The narrative had seemed written just a few plays earlier; down 10 at the beginning of the fourth quarter, the headband-less James and his team rallied back to take an 89-86 lead with 1:47 to go. Tony Parker had to go and fuck it all up, hitting a deep tying three and then another shot to take the lead after Mario Chalmers turned over the ball. After a couple intentional fouls, the San Antonio Spurs looked like they had sealed up the title.
Then, some ridiculous shit happened. How else do you describe it? James made a three-pointer, and the game had some life in it. After Kawhi Leonard missed one of his free throws, the Heat had a life preserver to grab on to.
Miami took advantage, although not gracefully. James took another three; it didn't go. But Chris Bosh was in the right place, grabbing it and giving his team just one more try. Bosh immediately dished it to an open Ray Allen backing up behind the arc, not fully set, but sinking it like he has so many times before. The Heat had five more minutes to save their season.

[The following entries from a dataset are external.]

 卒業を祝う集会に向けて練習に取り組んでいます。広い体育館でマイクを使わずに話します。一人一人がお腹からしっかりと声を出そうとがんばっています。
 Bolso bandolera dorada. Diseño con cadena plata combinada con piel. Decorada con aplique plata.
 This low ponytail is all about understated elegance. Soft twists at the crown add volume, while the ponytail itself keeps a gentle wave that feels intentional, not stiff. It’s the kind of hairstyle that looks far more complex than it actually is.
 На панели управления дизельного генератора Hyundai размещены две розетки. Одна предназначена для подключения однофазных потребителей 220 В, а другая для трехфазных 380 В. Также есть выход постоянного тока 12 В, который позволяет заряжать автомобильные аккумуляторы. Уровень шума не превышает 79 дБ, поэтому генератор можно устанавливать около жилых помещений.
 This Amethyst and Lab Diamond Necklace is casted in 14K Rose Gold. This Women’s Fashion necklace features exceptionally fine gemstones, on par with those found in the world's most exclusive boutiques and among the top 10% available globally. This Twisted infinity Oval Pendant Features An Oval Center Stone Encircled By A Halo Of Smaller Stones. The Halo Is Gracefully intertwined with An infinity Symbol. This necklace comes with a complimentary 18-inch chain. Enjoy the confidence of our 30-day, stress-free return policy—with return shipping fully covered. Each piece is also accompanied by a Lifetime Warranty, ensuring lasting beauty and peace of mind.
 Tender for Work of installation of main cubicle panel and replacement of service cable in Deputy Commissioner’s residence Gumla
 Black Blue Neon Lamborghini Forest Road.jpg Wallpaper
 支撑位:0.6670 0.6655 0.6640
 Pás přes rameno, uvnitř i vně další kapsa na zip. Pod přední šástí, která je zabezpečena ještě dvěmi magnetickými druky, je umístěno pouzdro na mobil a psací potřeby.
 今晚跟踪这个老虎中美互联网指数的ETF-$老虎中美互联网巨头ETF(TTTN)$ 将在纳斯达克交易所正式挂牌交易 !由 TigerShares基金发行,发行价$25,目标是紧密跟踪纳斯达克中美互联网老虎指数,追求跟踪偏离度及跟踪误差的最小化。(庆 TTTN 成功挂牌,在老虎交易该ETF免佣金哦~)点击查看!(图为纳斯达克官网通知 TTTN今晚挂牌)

In overtime, with the Spurs up 100-97, Allen cut the lead to one. James put the Heat up by one with 1:43 left, and San Antonio wouldn't score again. Manu Ginobili's last-second shot (seen above) was a turnover or foul, depending on who you ask. Either way, it Allen sunk his free throws, and a Game Seven was necessary.

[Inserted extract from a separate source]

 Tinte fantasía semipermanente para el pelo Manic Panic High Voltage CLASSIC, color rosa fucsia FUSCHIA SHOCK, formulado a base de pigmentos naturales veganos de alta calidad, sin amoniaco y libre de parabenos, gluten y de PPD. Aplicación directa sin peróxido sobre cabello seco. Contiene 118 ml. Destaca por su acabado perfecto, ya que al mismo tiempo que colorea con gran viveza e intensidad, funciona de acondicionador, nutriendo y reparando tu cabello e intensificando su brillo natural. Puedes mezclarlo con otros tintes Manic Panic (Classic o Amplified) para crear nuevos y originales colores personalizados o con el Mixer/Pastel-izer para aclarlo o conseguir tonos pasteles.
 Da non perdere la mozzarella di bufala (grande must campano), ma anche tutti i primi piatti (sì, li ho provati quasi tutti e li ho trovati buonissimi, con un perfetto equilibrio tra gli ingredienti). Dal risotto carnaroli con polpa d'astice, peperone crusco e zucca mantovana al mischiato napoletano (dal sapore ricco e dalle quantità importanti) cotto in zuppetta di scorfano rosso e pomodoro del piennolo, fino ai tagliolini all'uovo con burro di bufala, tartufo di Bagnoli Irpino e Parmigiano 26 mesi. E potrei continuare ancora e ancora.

Let's go back to Bosh though, the butt of so many jokes. He came up with two vital plays in Miami's comeback. Bosh grabbed the offensive board to allow Ray Allen to tie the game at 95 and send it to overtime. Then, with 31.3 seconds left in overtime, he blocked Tony Parker's shot to prevent the Spurs from taking the lead. For good measure, he absolutely stuffed Danny Green's last-chance three-pointer, sending Green into the bench of his now-gloomy teammates.
Speaking of the unbelievable trey-maker, Green was a resident of clank city tonight, shooting an awful 1-of-7, his only points being a three. Bosh had said Green "won't be open tonight" before the game, and Bosh didn't lie.
All of this overshadows what a night Tim Duncan had. Zach Harper of CBS Sports pointed out that ten years ago, when Duncan was in an NBA Finals closeout game, he posted a line of 21 points, 20 rebounds, 10 assists and eight blocks. Tonight, a 10-years-older Duncan logged 30 points on 21 shots and 17 rebounds. It was a great stat line, but Duncan scored 25 in the first two quarters. What happened in the second half?
How do you follow up one of the craziest games in NBA Finals history? It is a Game 7, for a start.